Source: AlBilad Investment Co.
Al Hammadi disclosed its Q2 2017 interim results revealing a bottom line of SAR 25.7 million compared with SAR 20.6 million in Q2 2016 soaring 24.4% YoY, while slumping 8.3% QoQ from SAR 28 million in Q1 2017. This resulted in a net profit margin of 14.5% in Q2 2017 compared to 14.9% for Q2 2016. Therefore, the semiannual figure surged 28% to SAR 53.6 million compared with SAR 41.8 million in H1 2016.
Total revenues amounted to SAR 177 million in Q2 2017 compared with SAR 138 million in Q2 2016 soaring 28%, while shrinking slightly 2% from SAR 180 million in Q1 2017. Thus, the semiannual revenues climbed 16% to reach SAR 357 million compared to SAR 282 million in H1 2016.
The improvement in bottom line during Q2 2017 and H1 2017 was triggered by higher revenues resulting from the increase the number of patient nights, and the improvement of the contractual terms with some customers, in addition to the shutdown of Al Olaya Hospital due to an electric contact incident for the whole second quarter of 2016, and despite the increase in the doubtful debt provision. Meanwhile, the QoQ decline in net profit was driven by summer vacation, Ramadan and Eid Al-Fitr which coincided with Q2 2017, as well as the increase in direct costs as a result of recruitment Al Nuzha Hospital medical staff.

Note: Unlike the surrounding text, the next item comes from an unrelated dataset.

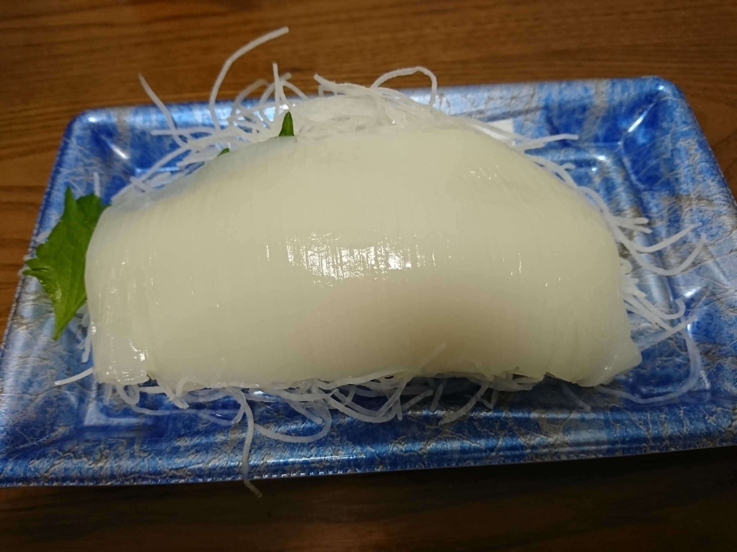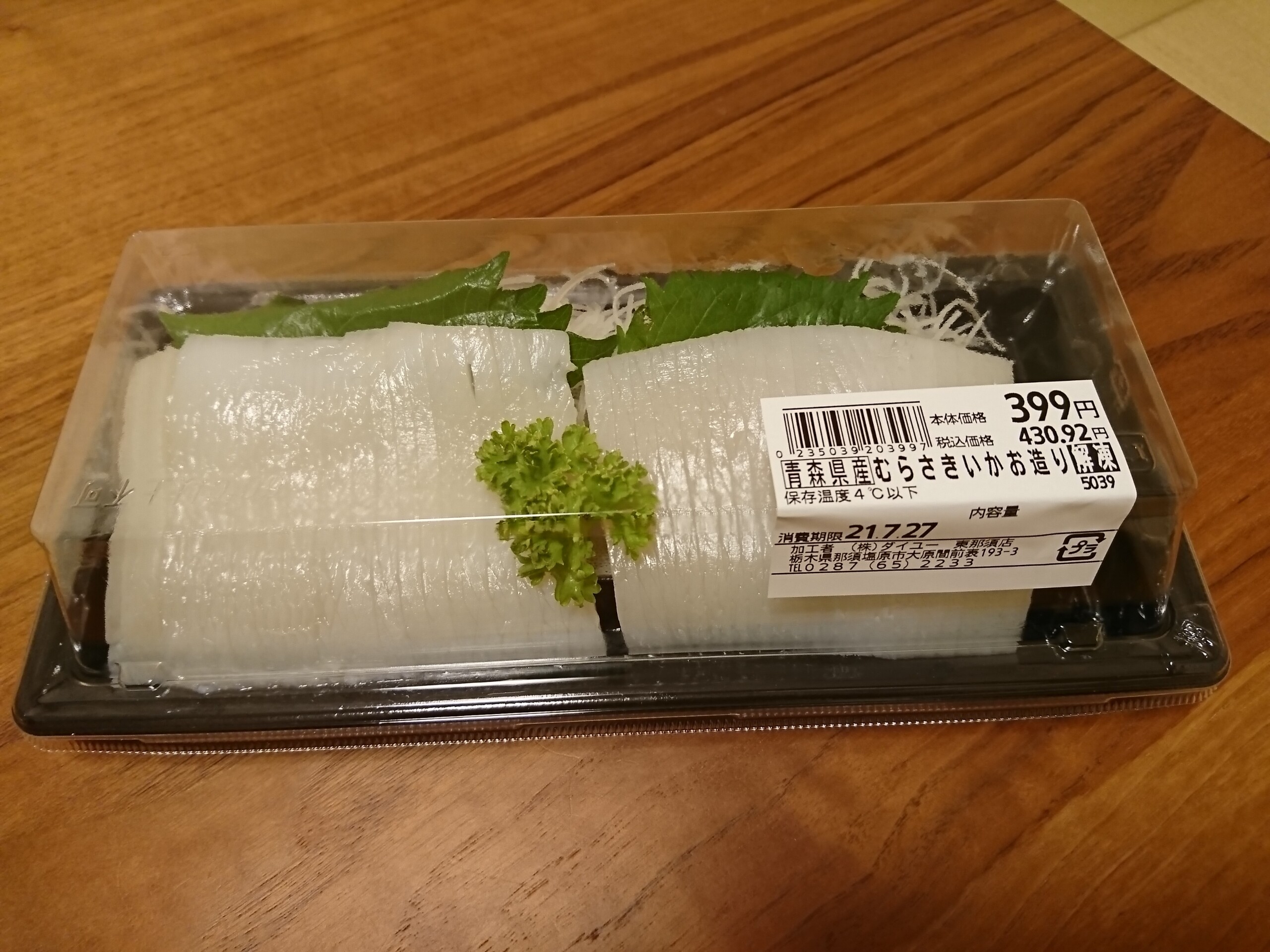 今日の酒の肴は近所のスーパーで買った、青森県産のむらさきいかの刺身です。

Gross profit concluded Q2 2017 at SAR 58.2 million compared to SAR 57.6 million in Q2 2016 growing slightly 1% YoY, while sliding 6.2% QoQ. Therefore, the gross margin shrank to 32.9% compared with 41.7% in Q2 2016. The semiannual gross profit climbed 7% posting SAR 120 million versus SAR 112 million in H1 2016.
The operating profit hit SAR 33.9 million in Q2 2017 compared to SAR 29.1 million in Q2 2016 surging 16.2% YoY, however operating profit fell 2.3% QoQ, thus the operating profit margin edged down to 19.2% compared with 21.1% in Q2 2016. Moreover, operating profit of H1 2017 leapt 20.4% reaching SAR 68.5 million versus SAR 56.9 million in H1 2016.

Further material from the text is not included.